Mankins played with a torn ACL, does that mean it had healed itself completely?

He played a lot because we had two rookies who both got injured and Gronk was injured.

I really don't know why it is so hard to understand that a slot receiver who's job it is to stop and cut can't play at 100% of his ability when a muscle and tendon in his groin area is still tender from not affording the maximum amount of rest and rehabilitation to it, in fact completely aggravating it every time you do your job.

I think some people just don't imagine what these professional football players put themselves through to perform in situations where the team has no available experienced players.

I'm starting to think it isn't that my explanations are unclear, rather that they aren't being really considered and understood.
 
By the way, there are no football games for many months, so that players with injuries will have time, the only cure for some injuries, to rest, heal and rehab.
 
Playing football on a tendon that is no longer completely ripped off the bone is not the same as playing football without an injury. If he was a cashier at a store, he would be considered "healed" being that a little discomfort wouldn't interfere with doing that job, if that's what you mean.

Mankins played with a torn ACL, does that mean it had healed itself completely?

He played a lot because we had two rookies who both got injured and Gronk was injured.

I really don't know why it is so hard to understand that a slot receiver who's job it is to stop and cut can't play at 100% of his ability when a muscle and tendon in his groin area is still tender from not affording the maximum amount of rest and rehabilitation to it, in fact completely aggravating it every time you do your job.

I think some people just don't imagine what these professional football players put themselves through to perform in situations where the team has no available experienced players.
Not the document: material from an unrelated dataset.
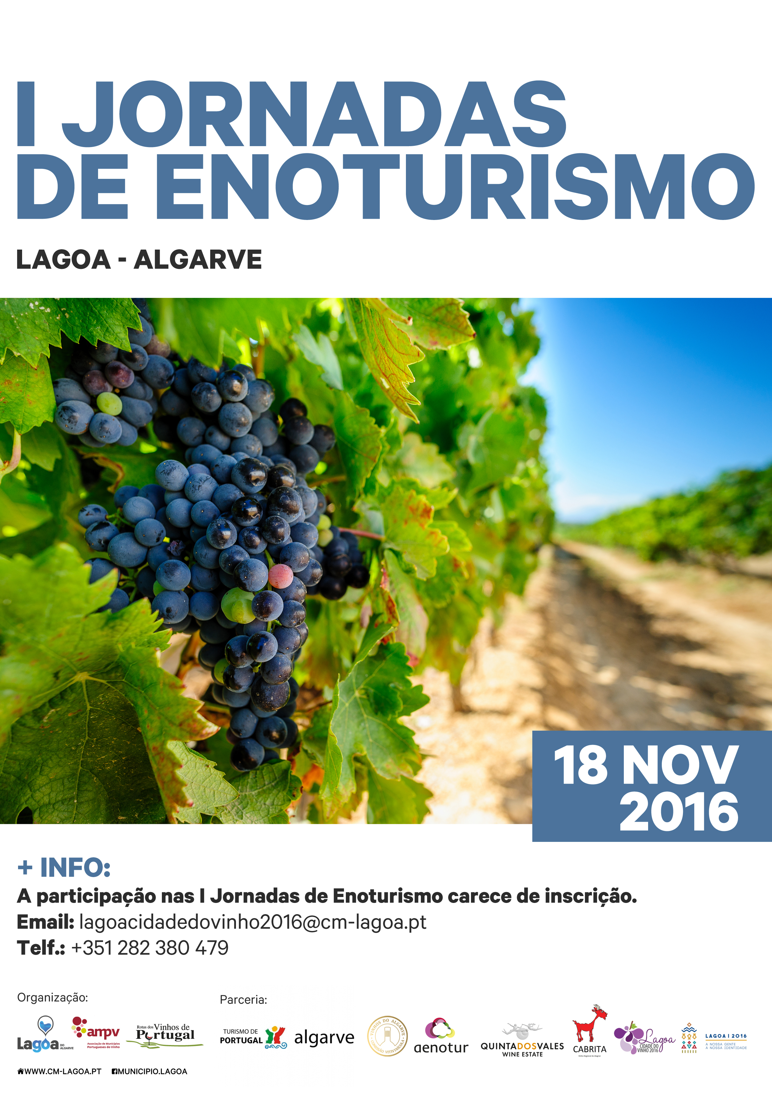 Nos dias 18 e 19, realizam-se as “I Jornadas do Enoturismo de Lagoa” – numa organização conjunta da Câmara Municipal, Associação dos Municípios Portugueses do Vinho e Associação das Rotas dos Vinhos de Portugal, com o apoio do Turismo do Algarve, Comissão Vitivinícola do Algarve e Associação Internacional para o Desenvolvimento e Promoção do Enoturismo, a nível mundial – em que será debatida a ligação do setor vitivinícola ao setor turístico, a avaliação do contributo do Enoturismo enquanto complemento da oferta da região, a apresentação de boas práticas e casos de sucesso, assim como serão abordadas as oportunidades para o setor. As sessões técnicas serão acompanhadas por visitas a adegas e quintas dos produtores da região algarvia com observação direta do que se faz em termos de produção de qualidade, que carateriza os vinhos algarvios.

I'm starting to think it isn't that my explanations are unclear, rather that they aren't being really considered and understood.

I get it Ray, and you know what he was injured and it affected him, how much only Amendola and the staff would know. As I said in another post that is all in the past, I have been arguing the Amendola and Edelman situation tirelessly all offseason and I have determined that the gap is so minimal that it really is not even worth arguing.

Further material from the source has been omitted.